**Exercise instructions**
From the top of the entries, reproduce each line exactly, stopping after the line that contains "3、关卡中,优先拾取【攻击提". Omit pictures.

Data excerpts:
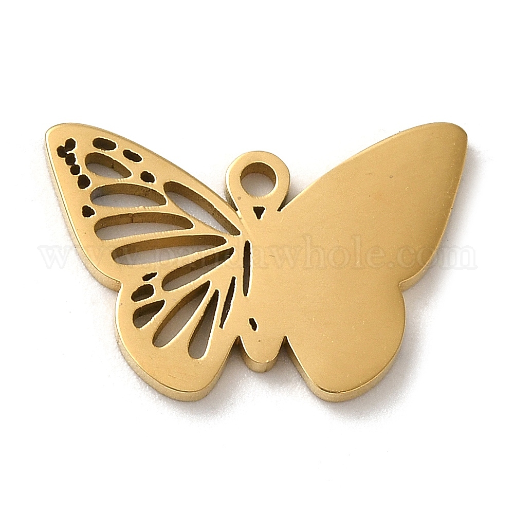 • Золотой Ионное покрытие (ip) 304 подвески из нержавеющей стали, лазерная резка, очарование бабочки, золотые, 12x18x1.5 мм, отверстие : 1.4 мм
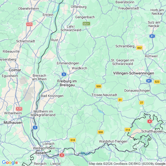 Städte in der Nähe von Freiburg im Breisgau
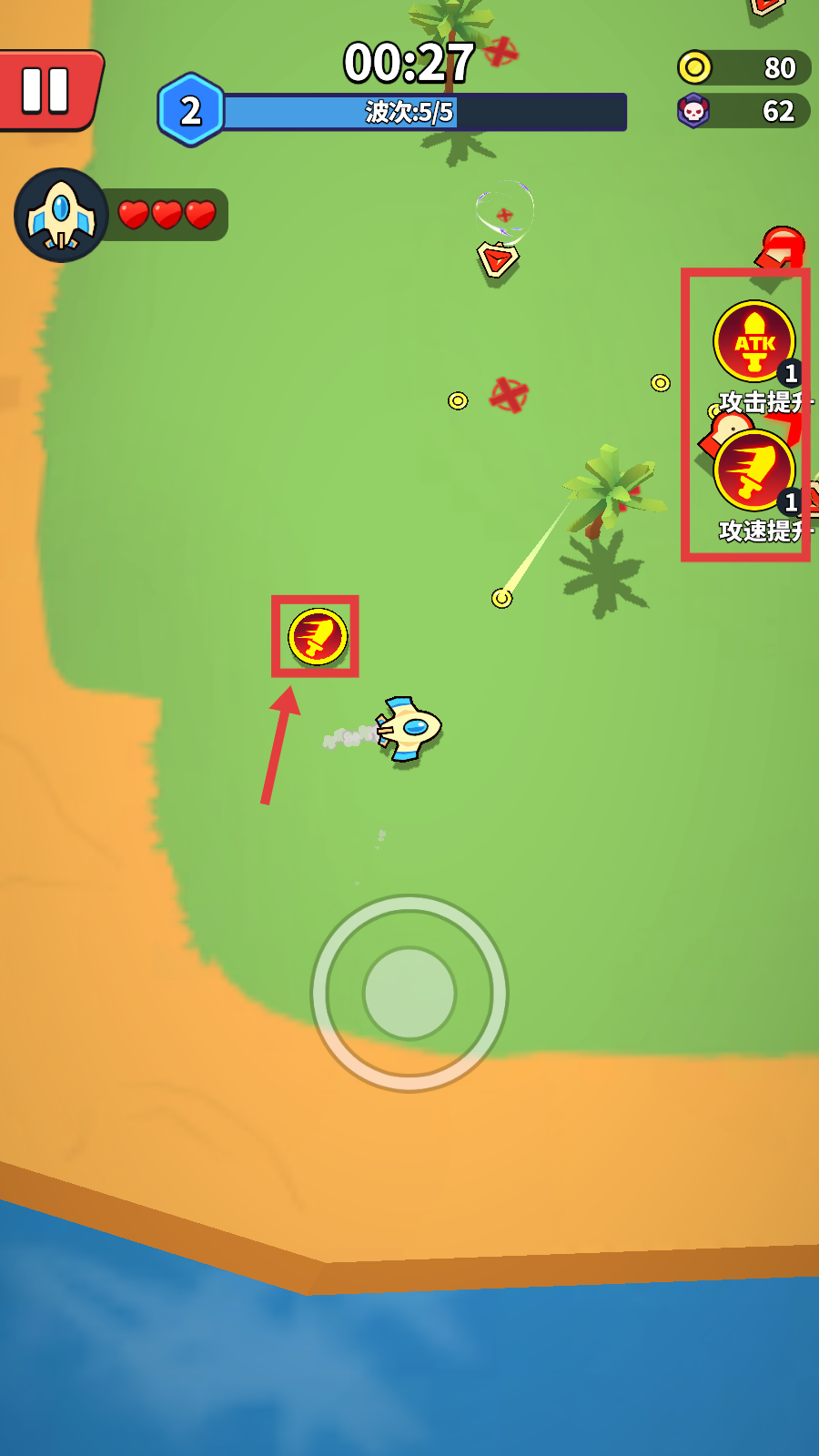 3、关卡中,优先拾取【攻击提升】和【攻速提升】道具,增强飞机作战能力,应对后续敌人。
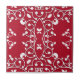 This ceramic tile features a rich, deep red background that serves as a striking contrast to the ornate white pattern adorning it. The central motif of the design is a symmetrical, elongated diamond shape, which could also be interpreted as a stylised representation of a flower or leaf. This central figure is surrounded by swirling vine-like patterns with leaf motifs, adding a sense of movement and sophistication to the overall design. The corners of the tile are not left bare but are adorned with additional decorative elements, contributing to the tile’s intricate aesthetic. The stark colour contrast between the white pattern and the red background highlights each detail, making the complexity and craftsmanship of the design stand out.
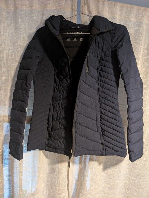 Nautica navy jacket, soft fabric, packable, ribbed design, warm, hood Gently used, great condition. Size xs
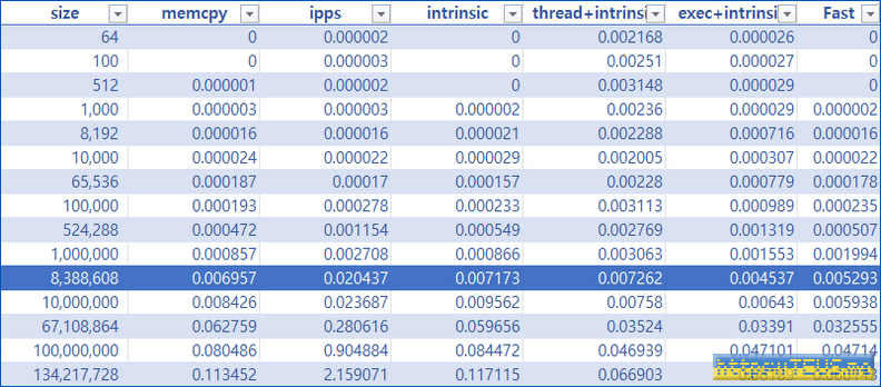 그런데, 스택 오버플로우에서 재미있는 글타래(faster alternative to memcpy?)를 발견했다.
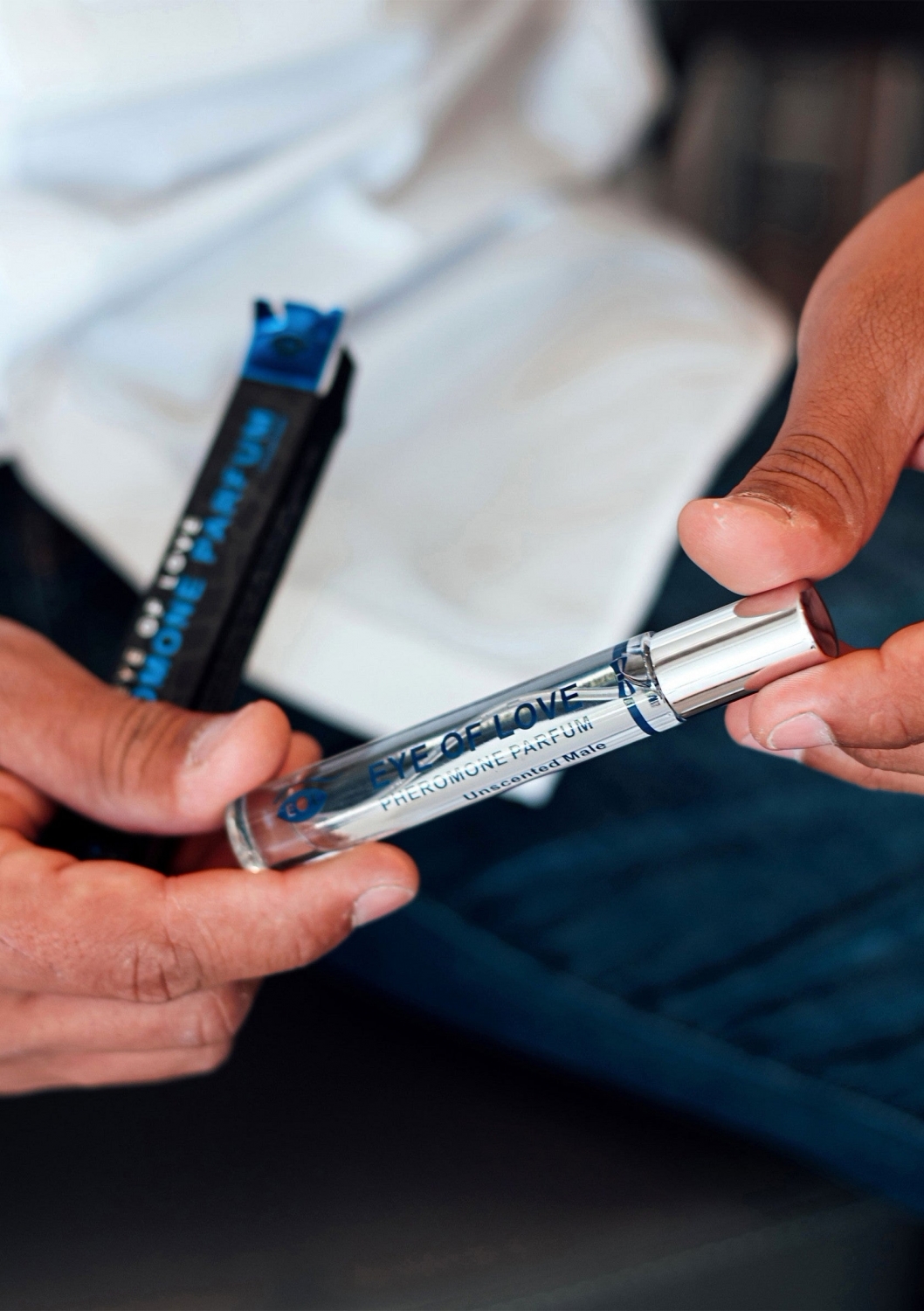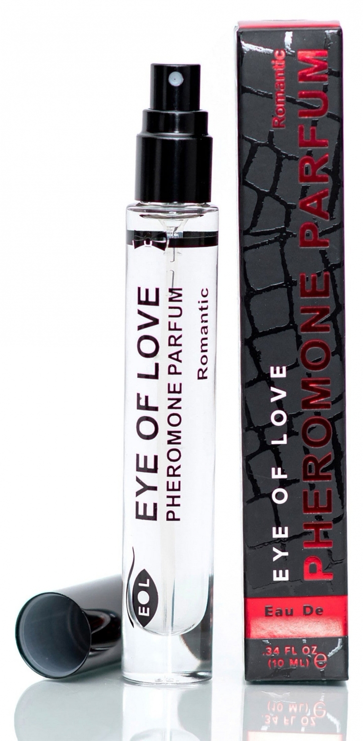 Parfum cu hormoni de atracție Eye of Love 10 ml, compact și discret. Disponibil în două variante: Confidence (mosc, miere, iasomie, vanilie) și Romantic (mușchi de stejar, lemongrass, santal, iasomie). Aplicare punctuală pe încheieturi sau guler.

**Response to this task**
 • Золотой Ионное покрытие (ip) 304 подвески из нержавеющей стали, лазерная резка, очарование бабочки, золотые, 12x18x1.5 мм, отверстие : 1.4 мм
 Städte in der Nähe von Freiburg im Breisgau
 3、关卡中,优先拾取【攻击提升】和【攻速提升】道具,增强飞机作战能力,应对后续敌人。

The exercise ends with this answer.